- [WHAT TO WORK ON]
Reproduce the data below in full and exclude every picture.

- [ENTRIES SHOWN]
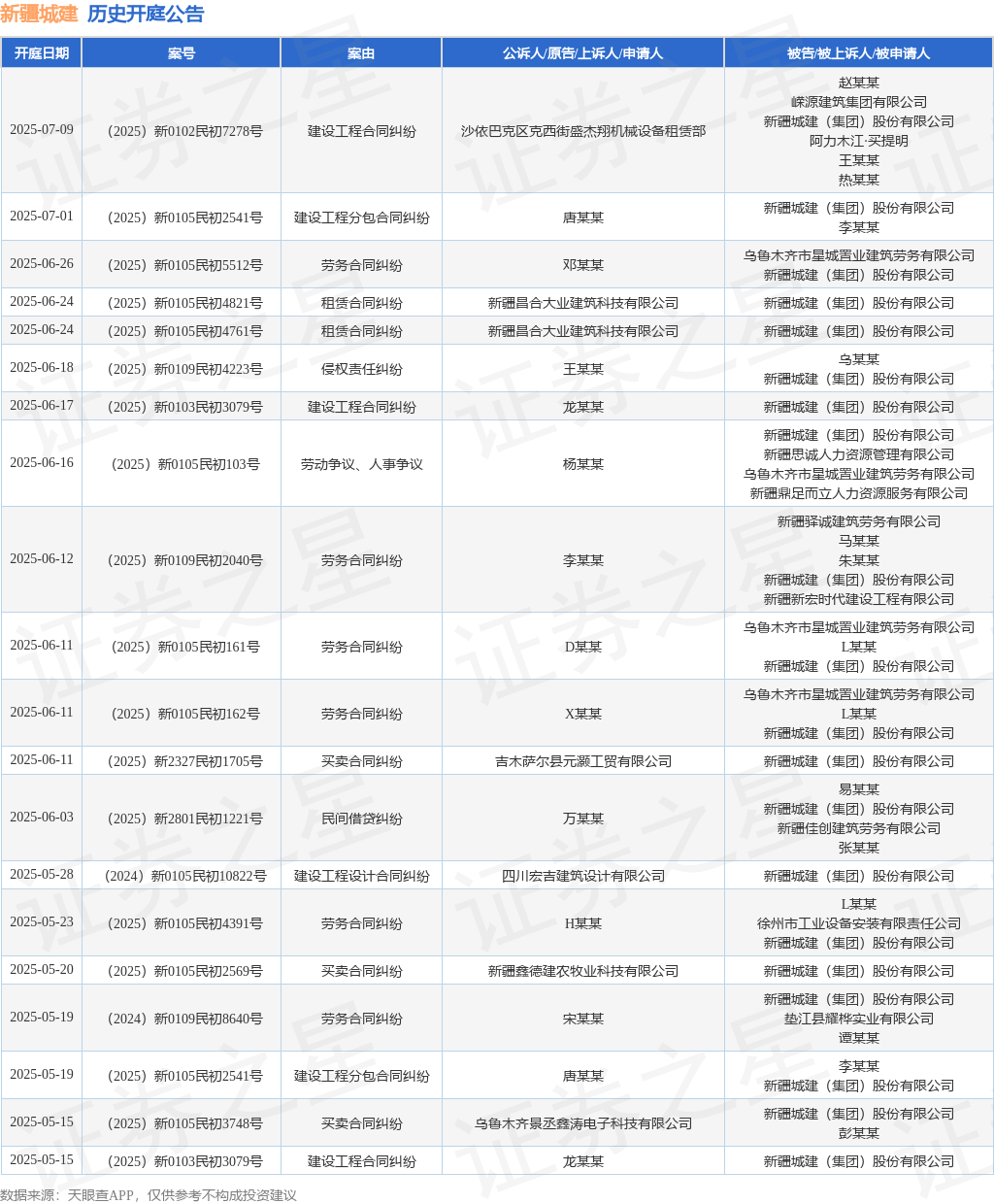 本站消息,根据天眼查APP显示,近日公布了一则新疆城建(集团)股份有限公司作为被告/被上诉人的开庭公告,详细内容如下:
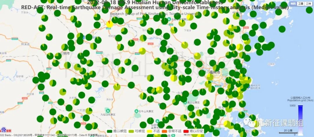 因此,我们就可以进一步利用各个台站的记录,以及城市抗震弹塑性分析给出结果,得到不同地区人员感受到的加速度(这里已经考虑了建筑引起的加速度放大效应),进而给出人群的感受比率,如图2所示。其中,人员感受与加速度的对应关系如表1所示(董安正, 赵国藩. 高层建筑结构舒适度可靠性分析[J]. 大连理工大学学报, 2002, 42(4):472-476)。
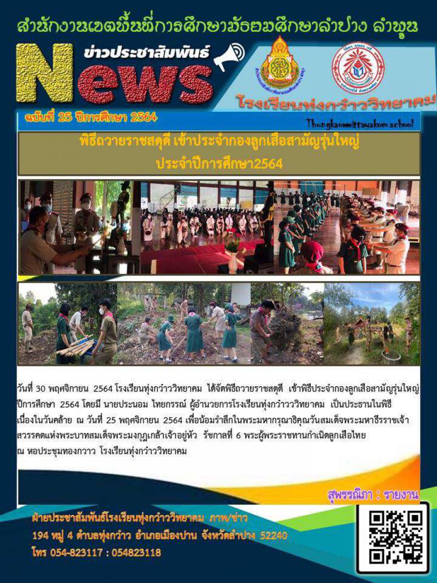 พิธีถวายราสดุดี เ้าประจำกองลูกเสือสามัญรุ่นใหญ่ ประจำปีการศึกษา 2564
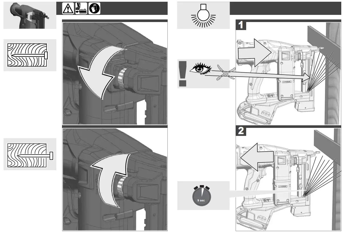 Do not actuate the tool unless the tool is placed firmly against the workpiece. If the tool is not in contact with the workpiece, the fastener may be deflected away from your target.
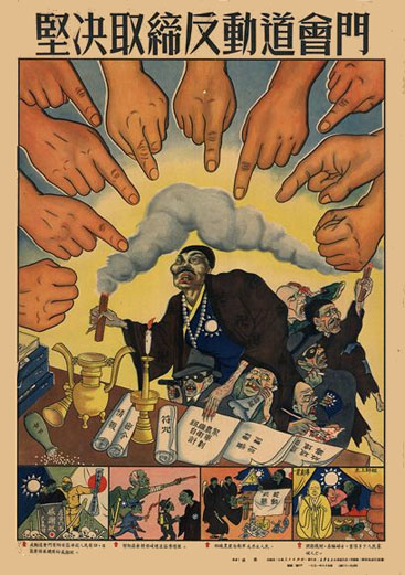 Cela aboutira, le 20 février 1951, au Règlement sur la suppression des éléments contre-révolutionnaires, visant spécifiquement les bandits, les despotes locaux, les services secrets du Guomindang, des dirigeants des organisations réactionnaires, les sociétés secrètes.

- [TASK ANSWER]
 本站消息,根据天眼查APP显示,近日公布了一则新疆城建(集团)股份有限公司作为被告/被上诉人的开庭公告,详细内容如下:
 因此,我们就可以进一步利用各个台站的记录,以及城市抗震弹塑性分析给出结果,得到不同地区人员感受到的加速度(这里已经考虑了建筑引起的加速度放大效应),进而给出人群的感受比率,如图2所示。其中,人员感受与加速度的对应关系如表1所示(董安正, 赵国藩. 高层建筑结构舒适度可靠性分析[J]. 大连理工大学学报, 2002, 42(4):472-476)。
 พิธีถวายราสดุดี เ้าประจำกองลูกเสือสามัญรุ่นใหญ่ ประจำปีการศึกษา 2564
 Do not actuate the tool unless the tool is placed firmly against the workpiece. If the tool is not in contact with the workpiece, the fastener may be deflected away from your target.
 Cela aboutira, le 20 février 1951, au Règlement sur la suppression des éléments contre-révolutionnaires, visant spécifiquement les bandits, les despotes locaux, les services secrets du Guomindang, des dirigeants des organisations réactionnaires, les sociétés secrètes.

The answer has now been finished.